Experimental program
Comparison scheme
Effect test

Embodiment 12

[0019] The synthesis of embodiment 12,6-diisopropyl iodobenzene

[0020] Measure 3.2mL (15.8mmol) of 2,6-diisopropylaniline into a 100mL three-necked round-bottomed flask, add 30mL of water, and add 15mL of concentrated hydrochloric acid under mechanical stirring. A solution of 1.18 g (17.4 mmol) of sodium nitrite dissolved in 4 mL was added dropwise to the dropping funnel, and the reaction was continued at 4° C. for 1 h. Weigh 4.40 g (21.28 mmol) of iodine and 6.04 g (36 mmol) of potassium iodide and dissolve them in 10 mL of ice water to obtain a mixed solution. Put the mixed solution into the reaction system, after 30min, add 40mL of water, 100mL of dichloromethane, overnight at room temperature, add 6.30g (25.4mmol) of sodium thiosulfate hydrate, and stir for 20min. The black precipitate was filtered off, the solution was separated with a separatory funnel, the aqueous phase was extracted with chloroform (60mL×2 times), the organic phases were combined, washed with 50mL o...

Embodiment 22

[0021] Synthesis of embodiment 22,6-diisopropylbenzoic acid (1)
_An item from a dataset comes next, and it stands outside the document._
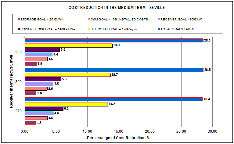 Para Sevilla, el coste de la electricidad de un receptor de referencia de 270MWt es de 21.020 c€/kWh y de 20.372 c€/kWh para un receptor de 500 MWt. Estos costes pueden reducirse hasta 15.053 (270 MWt) – 14.567 (500 MWt) c€/kWh, lo que implica una reducción de entre un 28.39 y 28.52%.

[0022] Take 1.44g (5mmol) of 2,6-diisopropyliodobenzene in a 100mL three-neck flask, add 3mL of anhydrous tetrahydrofuran, and fully replace it with nitrogen in the double-pipe system. With acetone as the coolant, the reaction system was lowered to -78°C with liquid nitrogen. With stirring, 5 mL (10 mmol) of 2 mol / L n-butyllithium solution was added dropwise with a syringe, and after the injection was completed, the reaction was kept at -78°C for 1 h. The temperature was raised to room temperature, and after half an hour, CO was 2 Reaction 20h. Add 5 mL of 2N hydrochloric acid solution, stir and extract with ether, combine the organic phases, and evaporate the solvent to dryness. The residue was dissolved in 5 mL of 2N NaOH solution and washed with ether. The aqueous phase was neutralized with 10 mL of 2N hydrochloric acid solution, extracted with ether, and the extracts were combined, dried over anhydrous s...

Embodiment 32

[0023] Example 32, Synthesis of 6-diisopropylbenzyl alcohol (2)

[0024] A solution of 2.1 g (10 mol) of 2,6-diisopropylbenzoic acid dissolved in 10 mL THF was dropped into LiAlH 4 A solution of 0.57 g in 20 mL THF. After adding, reflux for 2h. After cooling, add 10%wtNH 4 20 mL of Cl solution was extracted with EtOAc, washed with saturated brine, dried over anhydrous sodium sulfate, filtered, and concentrated to obtain 1.83 g of solid with a yield of 95%. 1 HNMR (CDCl 3 ,500MHZ):1.28(s,12H),2.92-3.12(m,2H),4.79(s,2H),6.86-7.05(m,3H).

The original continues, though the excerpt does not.